Остановимся подробнее только на двух предметах. Интересна находка в засыпке погребения 4 (в районе изголовья) левой створки крупной раковины пресноводного моллюска (9,1х4,8 см).[39] Возможно, это случайное попадание при перемещении грунта во время засыпки могильной ямы. Нельзя исключить и вариант целенаправленной, обрядовой укладки перламутровой раковины в ходе захоронения, тем более, что по этнографическим материалам известны случаи помещения саамами раковин в погребения (иногда их называют «улитками»). Створка раковины моллюска также обнаружена в 2011 г. при раскопках «могилы 116 мучеников» на «нижней» усадьбе Трифоново-Печенгского монастыря[40]
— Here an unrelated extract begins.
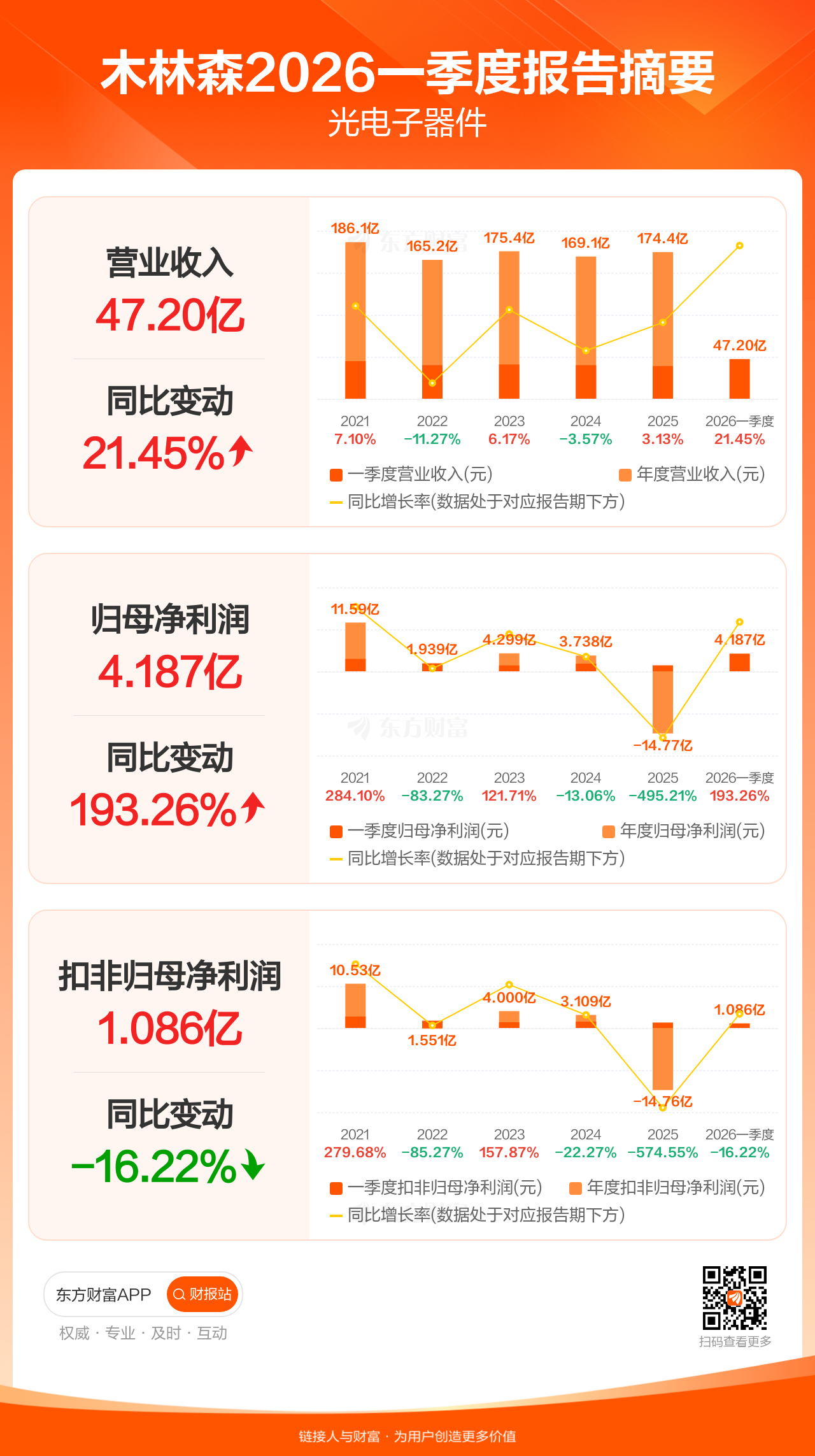 木林森4月28日发布2026年一季报显示,公司一季度实现营业收入47.20亿元,同比增长21.45%;归母净利润4.19亿元,同比增长193.26%;扣非归母净利润1.09亿元,同比下滑16.22%。

Серебряная цата (3,9х3,9х0,3 см) найдена в прирезке в юго-западной части раскопа, над погребением 12.[41] Она деформирована – согнута пополам. (Рис. 2:1) Фигурная, с отогнутым бортиком, гравированным растительным орнаментом по всей лицевой стороне и с сохранившимися припаянными колечками для крепления на концах. Близкие аналогии можно найти среди образцов новгородских ювелирных изделий последней четверти XVII в.[42] Скорее всего, цата относится к вещам последнего Свято-Никольского храма. Наверно, она оторвалась от оклада и деформировалась при «обдирании» икон в процессе экспроприации церковного имущества. Идентичная находка сделана в 2010 г. при раскопках церкви свв. Бориса и Глеба на р. Паз (Печенгский р-н Мурманской области).[43]
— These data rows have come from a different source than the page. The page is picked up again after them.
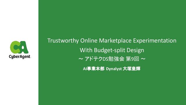 Trustworthy Online Marketplace Experimentation With Budget-split Design 〜 アドテクDS勉強会 第9回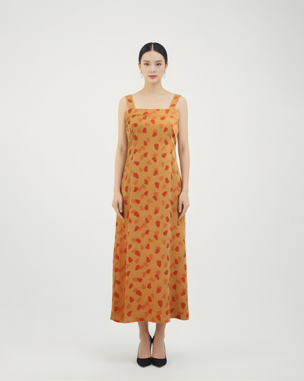 輕巧可愛的香雲紗連衣裙,以溫暖橘黃為底,點綴葫蘆圖樣,俏皮又不失東方雅韻。寬肩帶設計搭配修身剪裁,展現自在又柔美的身形曲線,是夏日出遊或日常穿搭的亮眼之選。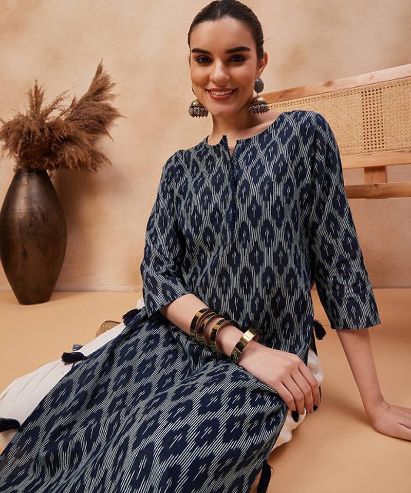 | Product Name | Navy Blue Ethnic Motifs Printed Cotton Straight Kurta | |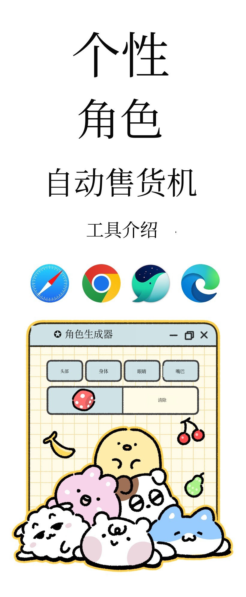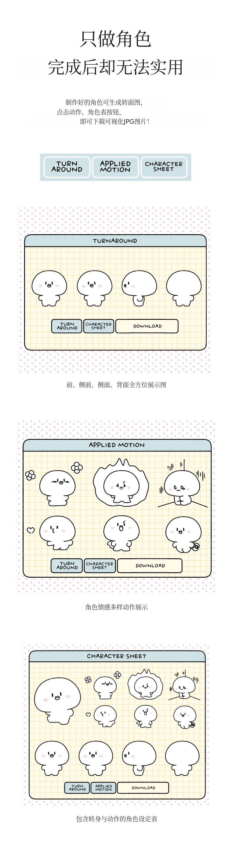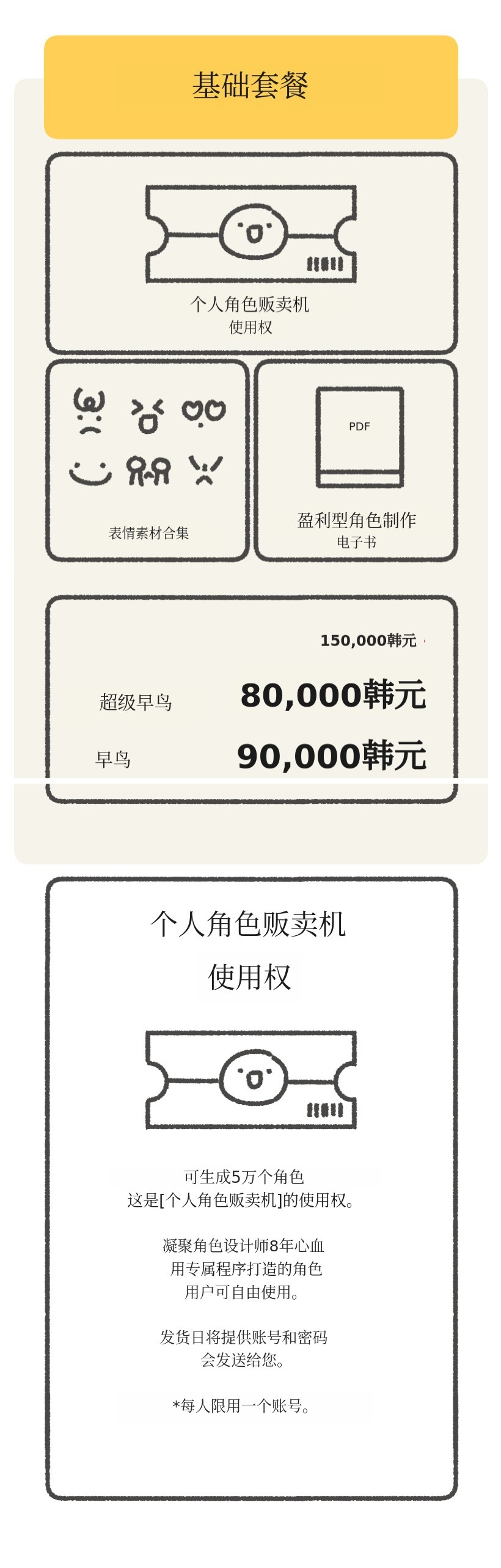 - 为防止用户间角色重复,基本形状(动物种类、五官、身体)都会实现。(角色的重点和颜色请参考电子书自行添加。)

Состав находок, происходящих из верхней части культурного слоя и засыпки могильных ям, по своему характеру однозначно не поселенческий. Данное место изначально не входило в ареал хозяйственной и бытовой жизнедеятельности варзужан. Территория, на которой находились сменяющие друг друга здания Свято-Никольской церкви и кладбище, скорее всего, всегда считалась сакральной.

Сложный вопрос – вещи из погребений, например, похоронные одежды и полотна. В рукописи псалтыри Троице-Сергиева монастыря XV в. приводится описание «смертного наряда» для мирян, который был единым для мужчин и женщин: «Аще ли мирянин, простец, по умовении водою в срачицу и саван с наголовием, и свиют и укроем, и челу обвяжем рубом, хрестьцы нашиваны, а на ноги копытца, и калиты. Також и жоны погребаются».[44] Ткани сохраняются редко и в нашем случае реконструировать их можно только с большой степенью условности. По археологическим и этнографическим наблюдениям у финно-угорского населения Северо-Запада России «смертная» одежда должна быть праздничной или новой, но не повседневной и обязательно чистой.[45] По позднесредневековому погребальному ритуалу лицо умершего обычно накрывалось специальным покровом, а умерший обряжался так, что бы не оставлять открытыми никакие части тела.[46]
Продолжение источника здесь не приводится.